4. The method for synthesizing a self-assembled organic optical nonlinear chromophore according to claim 2, wherein the step P3 specifically comprises:
and P3, slowly adding diethyl cyanomethylphosphate into tetrahydrofuran solution of sodium hydride under the condition of argon protection and ice bath, adding the compound 4b, carrying out reflux reaction at 65 ℃ overnight, carrying out vacuum spin-drying on the solvent after the reaction is finished, extracting with ethyl acetate, purifying by silica gel chromatography, and purifying by using ethyl acetate and petroleum ether as eluent to obtain the compound 5b.

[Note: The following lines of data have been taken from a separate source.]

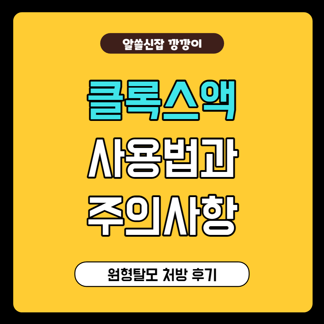오늘은 원형탈모가 시작되고 한 달 즈음 지났을 때 두피의 염증이 심하다며 의사 선생님이 처방해 준 클록스액의 사용법과 주의사항에 대해 알려드리고자 합니다. 저와 같은 처방은 받으신 분들은 참고하셨으면 좋겠습니다.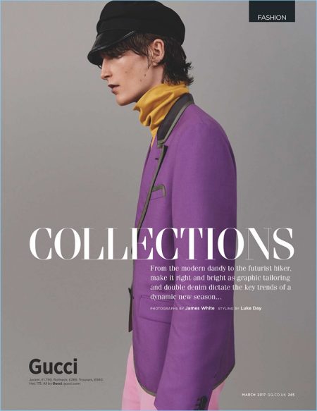 Approaching its March issue, British GQ celebrates the diversity of the spring-summer 2017 collections. Photographer James White and stylist Luke Day join creative forces for the outing. Day puts the spotlight on eclectic looks, which range from Prada’s hiking inspired narrative to smart tailoring by Canali. Bringing life to the story, models Serge Rigvava, Jack Chambers (Elite London), Mason Guido (AMCK), Do Byungwook (Select), Bom Lee, Tim Dibble (Models 1), Kesse Donkor (Premier), Aubrey (IMG), and Fionnan (Next) star in the editorial.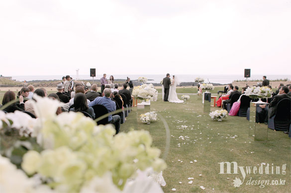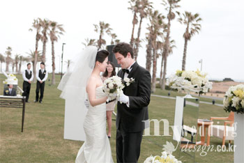 다행히 날씨가 좋아 시사이드 웨딩은 순조로웠고 식후에는 연회장에서 간단한 칵테일 리셉션이 있었다. 결혼식에는 심플한 화이트 톱 드레스와 블랙 턱시도를 입었다. 의상에서 가장 기본적인 스타일을 추구했듯이 장식도 야외와 자연스럽게 어울릴 수 있는 화이트와 그린으로 심플하게 선택했는데 리조트 야외의 푸른 잔디와 잘 어우러져 하객들의 만족도도 높았다. 기억에 남는 건 상황이 상황인지라 사회자 두 분을 모셔야 했다는 것. 신랑 친구가 영어를, 신부 친구가 한국어를 맡았다. 혼인 서약도 한국어 한 번, 영어 한 번 이렇게 번갈아했고 축가는 신랑 친구가 맡았다. ‘Let’s Fall in Love’라는 곡이었는데 반주가 나오는 부분에서 이 좋은 노래에 왜 아무도 춤을 추는 사람이 없냐는 멘트에 이들 커플은 그동안 한 번도 추지 않은 춤을 추며 많은 이들의 기억 속에 오래오래 남는 장면을 하나 더했다.

5. The method for synthesizing a self-assembled organic optical nonlinear chromophore according to claim 2, wherein the step P4 specifically comprises:
p4, slowly adding a hexane solution of diisobutyl aluminum hydride into a dichloromethane solution of the compound 5b, reacting for a period of time at the temperature of minus 78 ℃ under the protection of argon, adding a certain amount of dichloromethane and water for quenching at the temperature of 0 ℃, carrying out suction filtration after the reaction is finished, extracting filtrate with dichloromethane, concentrating, purifying by silica gel chromatography, and purifying by using ethyl acetate and petroleum ether as eluent to obtain the compound 6b.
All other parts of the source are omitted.